The present always seems like enough, unless you were looking for more in the first place. The present always seems like enough, until you're dragged into the next generation and realize what you were missing. I doubt single precision will be enough for anyone that could, just could, benefit in a tiny from double precision.
This may be the most abreviation-soaked "what does it mean in the real world?" article ever. This is the kind of thing that gives techs a bad name. ;o)
You guys should educate yourselves before speaking as an authority on technical subjects. You simply miss the point in so many ways.
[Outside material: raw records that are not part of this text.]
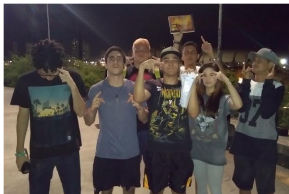
Figura 7 – Foto do vencedor da noite.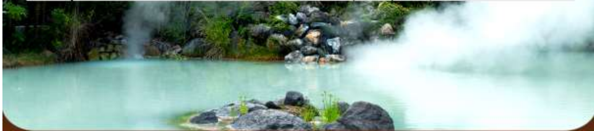
รายการทัวร์อาจมีข้อเปลี่ยนแปลงตามความเหมาะสม โดยดูสถานการณ์ประจำวันเป็นหลัก #ที่จะเกี่ยวข้องกรุณาทราบ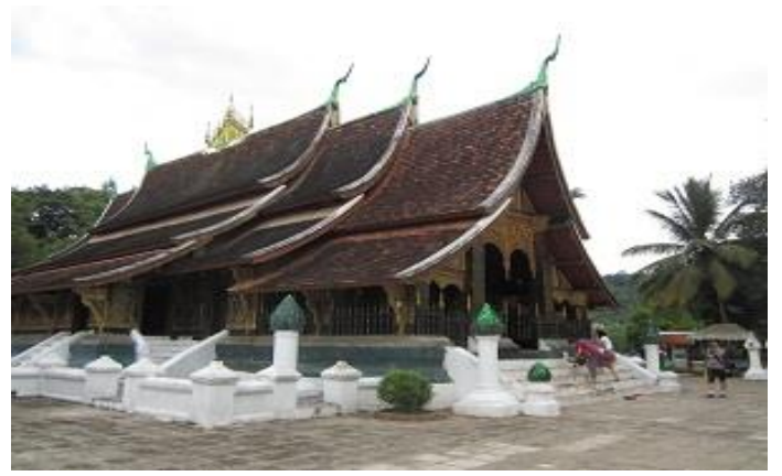
วัดเชิงทอง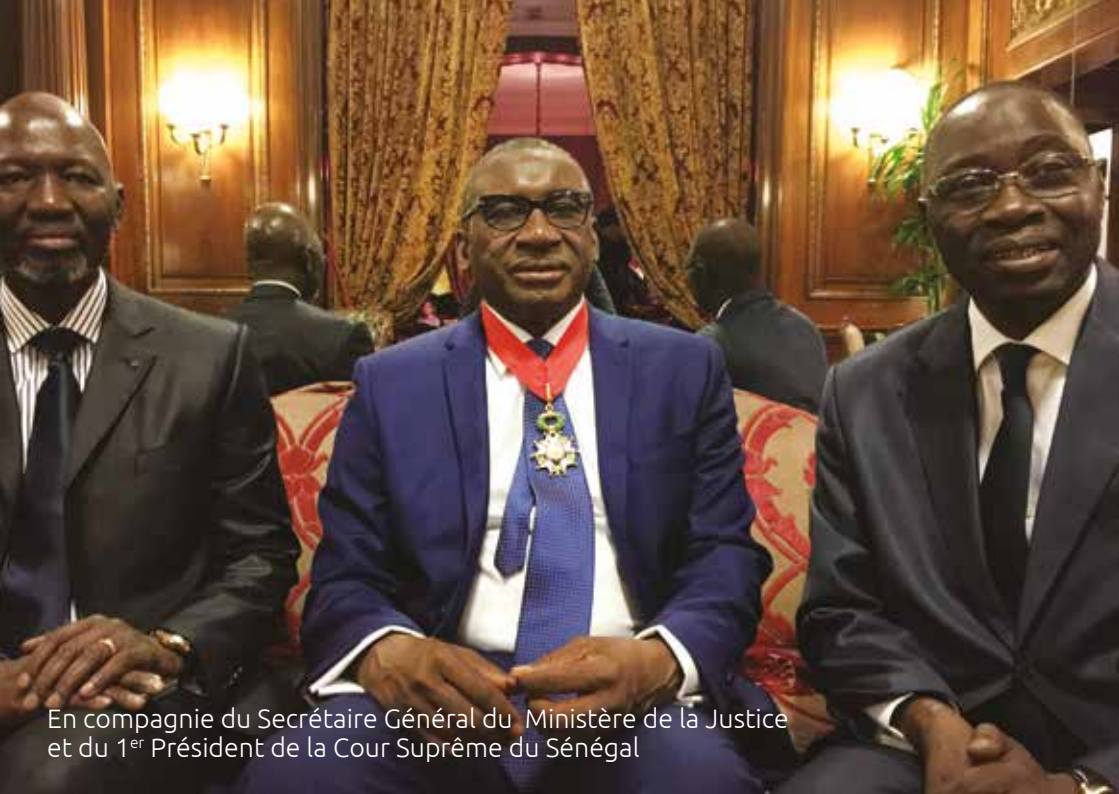
En compagnie du Secrétaire Général du Ministère de la Justice et du 1 er Président de la Cour Suprême du Sénégal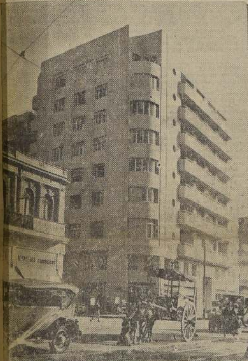
Vista del hermoso y moderno edificio de la Caja de Retiro y Previsión Social de los FF. CC. del Estado, que se inaugura hoy

Programa de festejos con que se celebrará el 25.º aniversario de la institución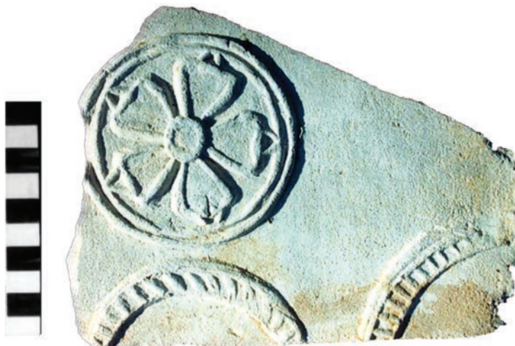
Ryc. 5. Chęciny, zamek. Fragment płytki ceramicznej z przedstawieniem herbu Poraj.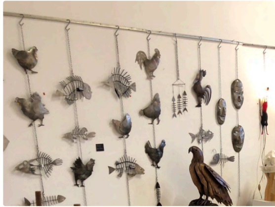
La 11e édition des Rencontres avec les Métiers d'Arts

L'invité d'honneur de ces rencontres est un sculpteur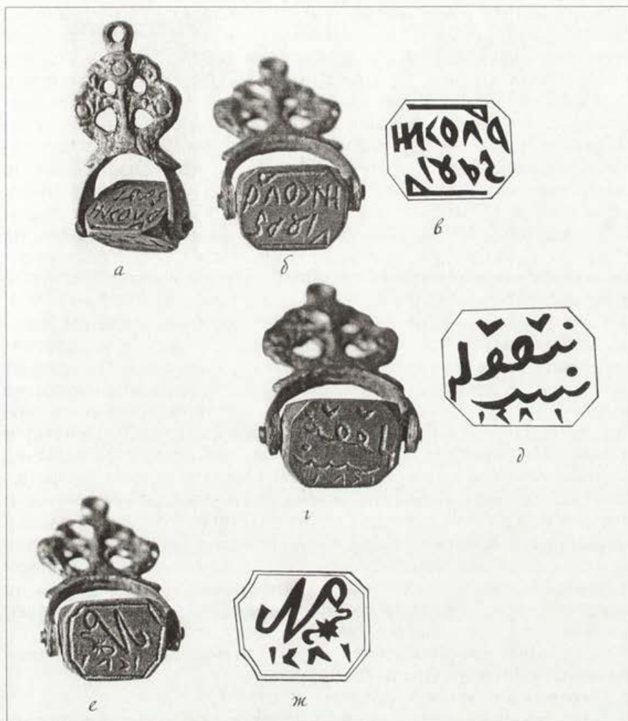
Обр. 2. Троен комбиниран печат на Никола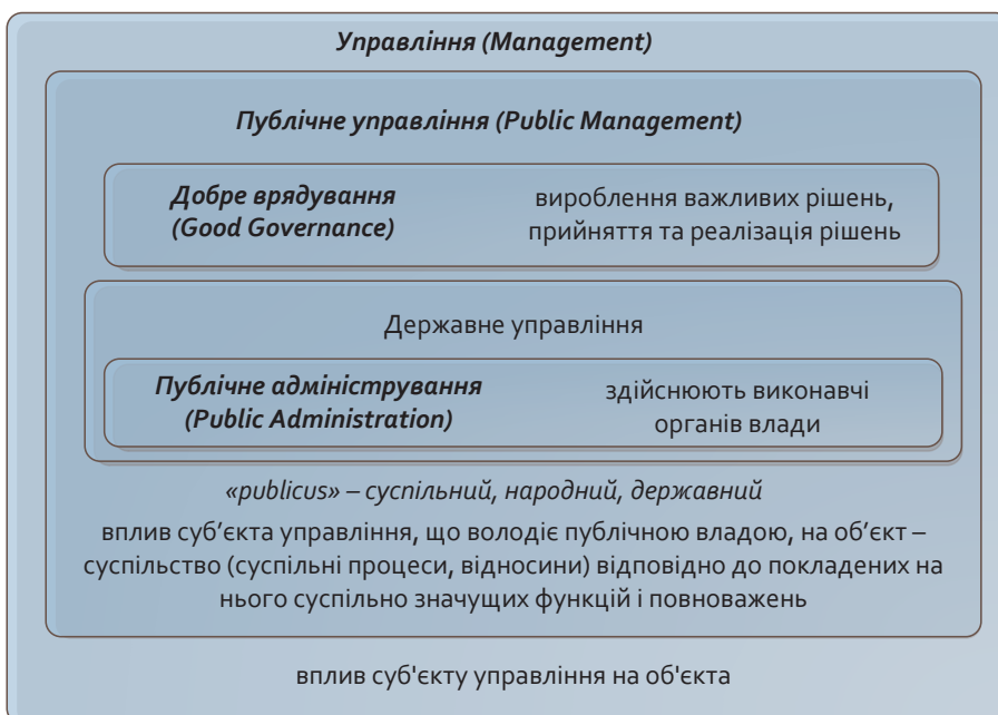
Рис. 2. Схема взаємозв'язку ключових категорій управлінської системи

лінський вплив у системі самоврядування, з одного боку, набуває ознак самовпливу (на власну життєдіяльність), а з іншого – такий вплив залишається управлінським. Участь у процесі підготовки, ухвалення, реалізації управлінських рішень та характер управлінських функцій у цьому процесі є важливими соціальними якими індивідів як суб'єктів управління, оскільки управлінські рішення відбивають інтереси громадянського суспільства саме тоді, коли люди беруть активну участь у всіх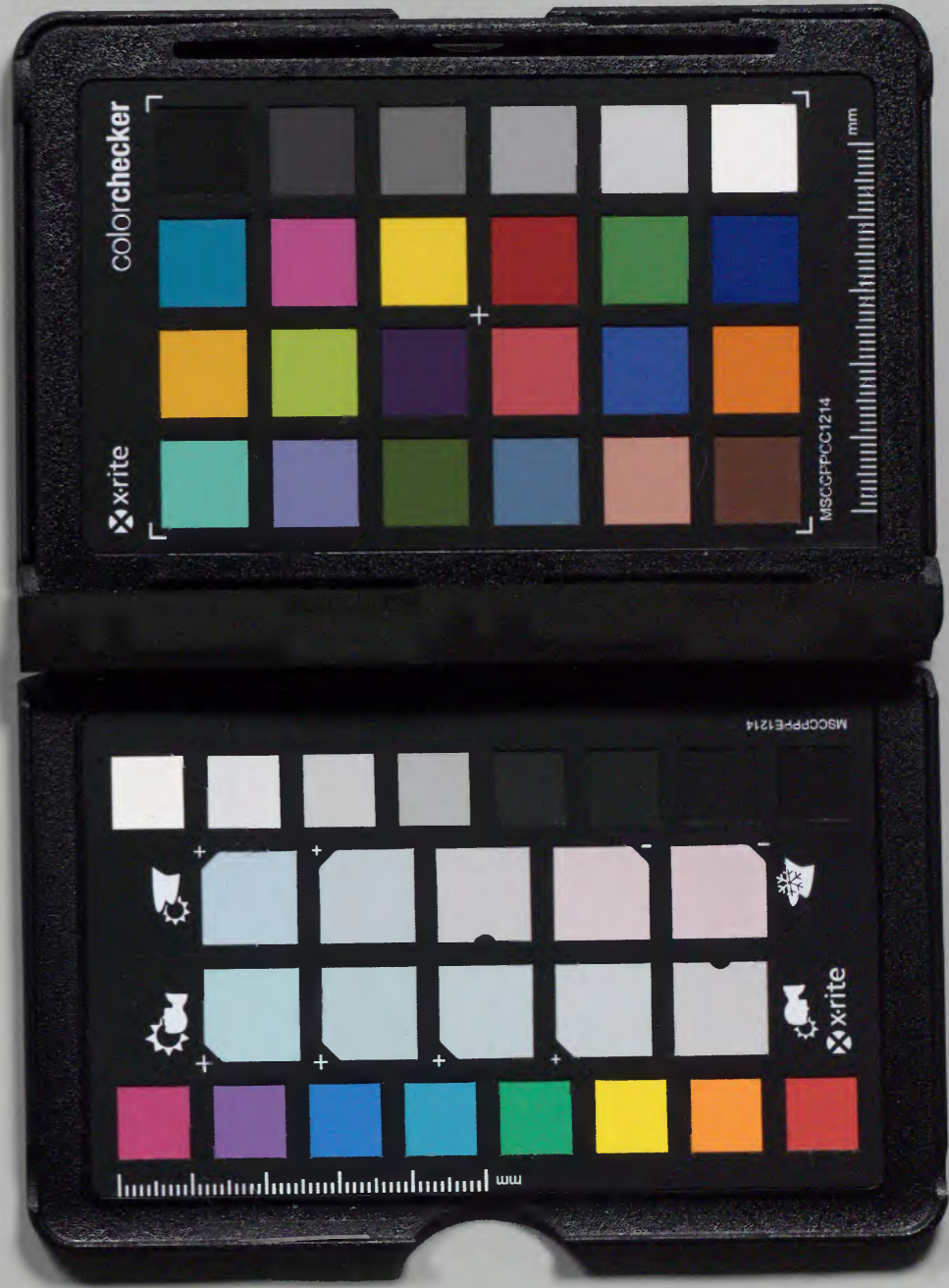
裏面記載のない箇所は省略

But bottom line is that insiders know that there are many, many applications being written right now where IEEE double precision floats are reqired. You will see the first applicaitons in scientific and engineering apps, things like CAD model FEA analysis simply BEG for acceleration and have for years. Then there's image processing, NLP, etc etc etc. I don't have time to enumerate the many apps where this will be big but bottom line is that you are confused. Take a breather, get your college education you put off to surf the web and come back being able to talk sense rather than spew balony and we all will be the better for it.